DEV Community

Cover image for How to extract Foursquare Data in Easy Steps
Crawlbase
Crawlbase

Posted on • Originally published at crawlbase.com

How to extract Foursquare Data in Easy Steps

This blog was originally posted to Crawlbase Blog

Scraping data from Foursquare is super helpful for developers and businesses looking to get data on venues, user reviews, or location-based insights. Foursquare is one of the most popular location-based services, with over 50 million active monthly users and over 95 million locations worldwide. By scraping data from Foursquare, you can get valuable information for market research, business development, or building location-based applications.

This article will show you how to easily scrape Foursquare data using Python and Crawlbase Crawling API, which is perfect for sites like Foursquare that rely heavily on JavaScript rendering. Whether you want to get search listings or detailed venue information, we will show you how to do it step by step.

Let’s dive into the process, from setting up your Python environment to extracting and storing Foursquare data in a structured way.

Why Extract Data from Foursquare?

Foursquare is a massive platform with location data on millions of places like restaurants, cafes, parks and more. Whether you’re building a location-based app, doing market research or analyzing venue reviews, Foursquare has got you covered. By extracting this data you can get insights to inform your decisions and planning.

Businesses can use Foursquare data to learn more about customer preferences, popular venues and regional trends. Developers can use this data to build custom apps like travel guides or recommendation engines. Foursquare has venue names, addresses, ratings and reviews, so extracting data from this platform can be a total game changer for your project.

Key Data Points to Extract from Foursquare

When scraping Foursquare, you need to know what data you can collect. Here’s what you can get from Foursquare:

Key Data Points to Extract from Foursquare

  1. Venue Name: The business or location name, e.g., restaurant, cafe, park.
  2. Address: Full address of the venue, including street, city, and postal code.
  3. Category: Type of venue (e.g., restaurant, bar, museum) to categorize the data.
  4. Ratings and Reviews: User generated ratings and reviews to know customer satisfaction.
  5. Operating Hours: Business hours of the venue, suitable for time sensitive applications.
  6. Contact Information: Phone numbers, email addresses, or websites to contact the venue.
  7. Photos: The user uploaded photos to get an idea of the venue.
  8. Geo-coordinates: Latitude and longitude of the venue for mapping and location-based apps.

Crawlbase Crawling API for Foursquare Scraping

Foursquare uses JavaScript to load its content dynamically, which makes it hard to scrape using traditional methods. This is where Crawlbase Crawling API comes in. It’s designed to handle websites with heavy JavaScript rendering by mimicking real user interactions and rendering the full page.

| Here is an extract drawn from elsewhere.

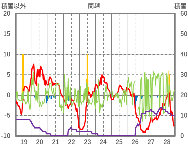 | 日 | 時 | 気温 | 降水 | 風向/風速 | 日照 | 積雪 | 降雪 |

Here’s why using the Crawlbase Crawling API for scraping Foursquare is a great choice:

  1. JavaScript Rendering: It takes care of loading all the dynamic content on Foursquare pages, so you get complete data without missing important information.
  2. IP Rotation and Proxies: Crawlbase automatically rotates IP addresses and uses smart proxies to avoid getting blocked by the site.
  3. Easy Integration: The Crawlbase API is simple to integrate with Python and offers flexible options to control scraping, such as scroll intervals, wait times, and pagination handling.

Crawlbase Python Library

Crawlbase also has a Python library using which you can easily use Crawlbase products in your projects. You’ll need an access token, which you can get by signing up with Crawlbase.

Here’s an example to send a request to Crawlbase Crawling API:

from crawlbase import CrawlingAPI

# Initialize Crawlbase API with your access token
crawling_api = CrawlingAPI({'token': 'YOUR_CRAWLBASE_TOKEN'})

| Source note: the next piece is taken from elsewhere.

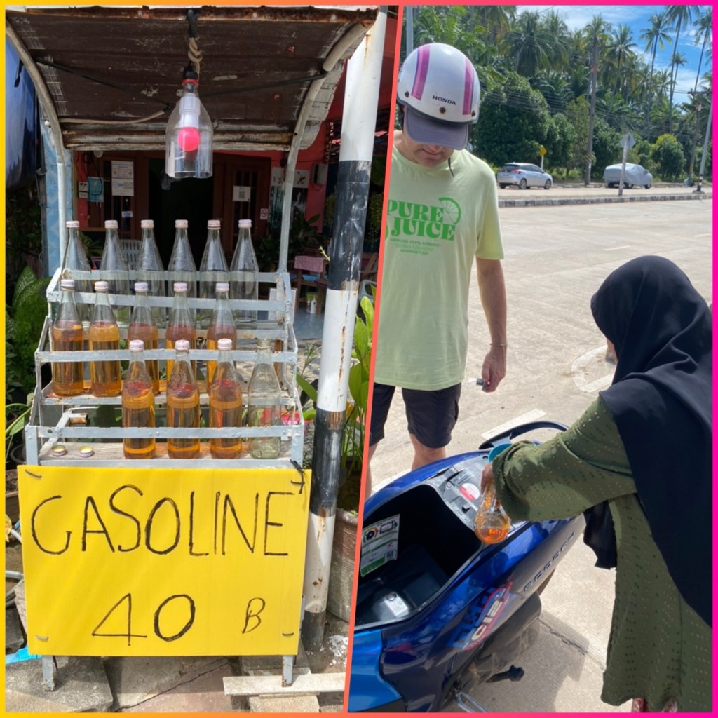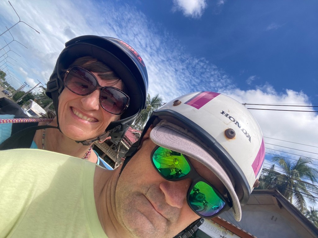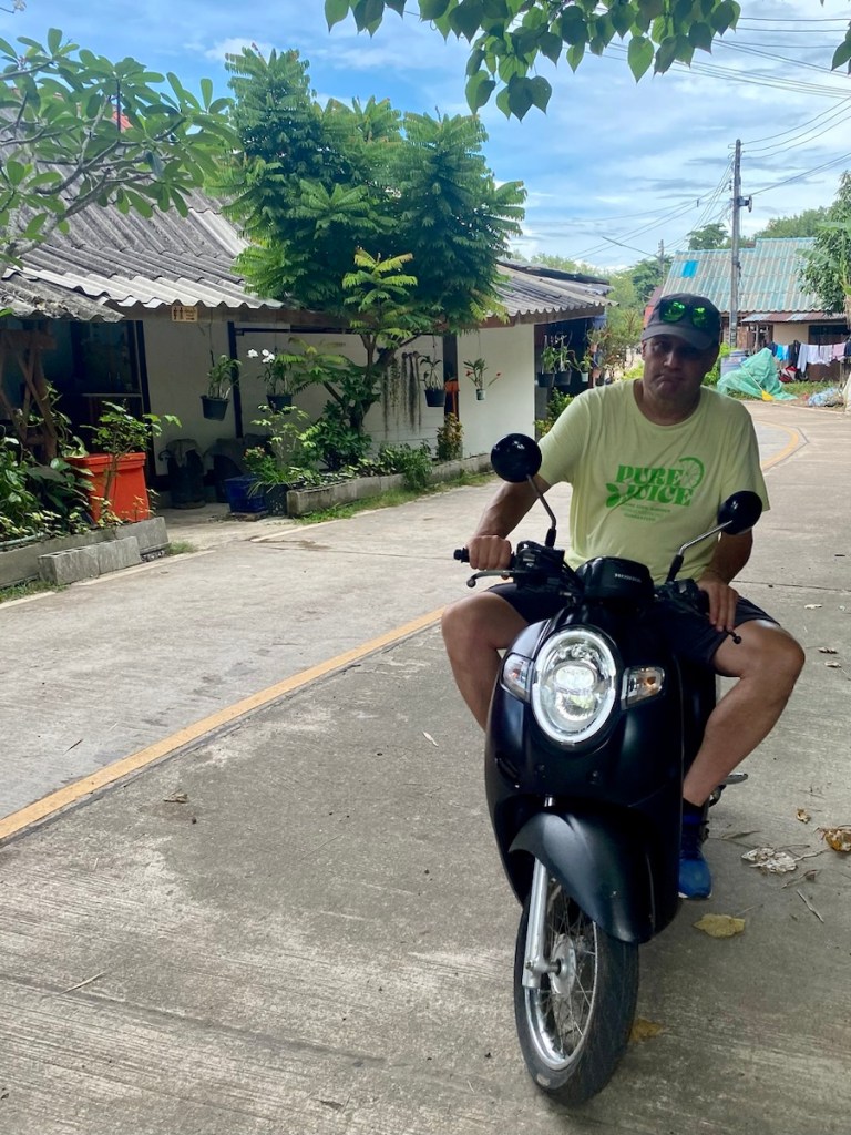 Mit einem Roller, den wir für 200 Baht (5,40€) ausgeliehen haben, geht die Tour los, nachdem wir am Strand lecker gefrühstückt haben.

def make_crawlbase_request(url):
    response = crawling_api.get(url)

    if response['headers']['pc_status'] == '200':
        html_content = response['body'].decode('utf-8')
        return html_content
    else:
        print(f"Failed to fetch the page. Crawlbase status code: {response['headers']['pc_status']}")
        return None
Enter fullscreen mode Exit fullscreen mode

Note: Crawlbase provides two types of tokens: a Normal Token for static sites and a JavaScript (JS) Token for dynamic or browser-rendered content, which is necessary for scraping Foursquare. Crawlbase also offers 1,000 free requests to help you get started, and you can sign up without a credit card. For more details, check the Crawlbase Crawling API documentation.

In the next section, we'll go through how to set up your Python environment to start scraping.

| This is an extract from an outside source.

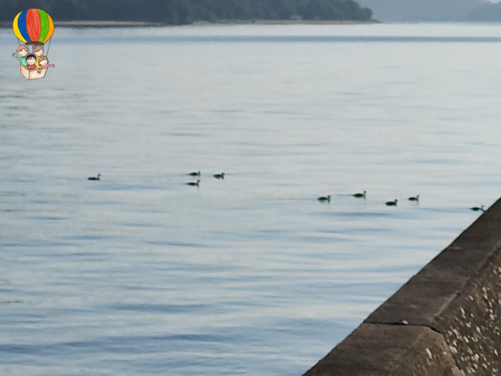 中野川のカルガモたち(母ガモと子ガモ8羽)は、8月3日に海に出たのを確認しました。🦆朝、中野川河口付近の海で泳いでいました。🌊(写真④)

Setting Up Your Python Environment

Before we can start scraping Foursquare data, we need to set up the right Python environment. This includes installing Python, and necessary libraries and choosing the right IDE (Integrated Development Environment) to write and run our code.

Installing Python and Required Libraries

First, make sure that you have Python installed on your computer. You can download the latest version of Python from python.org. Once installed, you can check if Python is working by running this command in your terminal or command prompt:

python --version
Enter fullscreen mode Exit fullscreen mode

Next, you'll need to install the required libraries. For this tutorial, we'll use Crawlbase and BeautifulSoup for parsing HTML. You can install these libraries by running the following command:

pip install crawlbase beautifulsoup4
Enter fullscreen mode Exit fullscreen mode

These libraries will help you interact with the Crawlbase Crawling API, extract useful information from the HTML, and organize the data.

Choosing an IDE

To write and run your Python scripts, you need an IDE. Here are some options:

  • VS Code: A lightweight code editor with great Python support.
  • PyCharm: A more advanced Python IDE with lots of features.
  • Jupyter Notebook: A more advanced Python IDE with lots of features.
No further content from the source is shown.